Intelligent Surveillance Cameras
Using the extensive deployment of security cameras in public areas, AI video analysis and scene interpretation with computer vision have become indispensable components of surveillance systems. Compared to other data sources, such as mobile location, GPS, radar signals, etc., visual data from camera streams provide a wealth of information. Large-scale video analytics systems can collect statistical data regarding road traffic, public areas, buildings, and private properties. Modern AI vision software permits the video feed from almost any network camera. A single-edge device can process the video feeds from numerous cameras depending on its hardware architecture. Powerful edge servers may analyze anywhere from dozens to tens of thousands of cameras.
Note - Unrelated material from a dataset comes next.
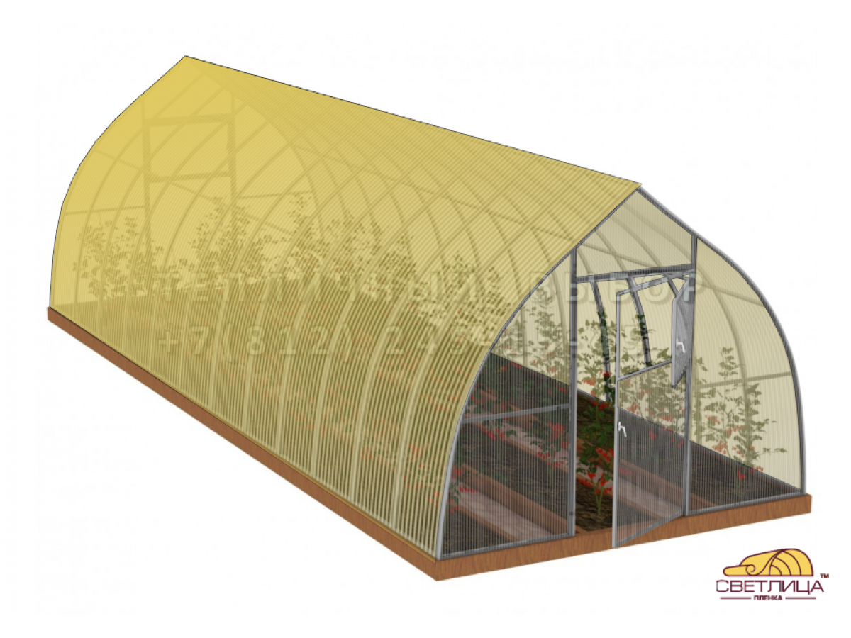 • укрывной материал на крышу теплицы - легендарная пленка «Светлица» толщиной 150 мкм, пленка имеет уникальный состав, который делает ее прочной, эластичной и долговечной (не менее 7 лет без снятия на зиму)

Some IP camera manufacturers and turnkey point solutions offer on-camera intelligence in which the computing processor is included within the camera.
Enterprise systems typically segregate AI computation from the camera for various reasons. First, firms must maintain vendor independence and the flexibility to negotiate. Then, businesses must avoid technology lock-in and ensure system extensibility and integration. In addition, cameras with built-in AI processing do not permit scaling up hardware resources if a business needs to expand features or improve AI performance. In addition, most companies operate video surveillance systems with various cameras of various brands, generations, and types (Sony, Panasonic, Axis, Hikvision, Dahua, Samsung, and so on). It would be too expensive to replace all cameras, and standardization would incur lock-in expenses. Additionally, the majority of camera devices are replaced every two years.
AI Video Monitoring Systems
Traditional video surveillance systems rely solely on human operators and their judgment and vigilance, and intelligent AI analysis provides human operators with highly rapid, objective, and consistent data. Depending on the application, the AI vision program detects and predicts traffic congestion, security concerns, accidents, and other irregularities. The software capabilities of a typical computer vision system include data input acquisition, image preprocessing, deep learning inference, output aggregation, communication, and visualization. Such a computer vision system can execute a single program or numerous apps that each handle distinct challenges (anomaly detection, pose detection, object detection, etc.).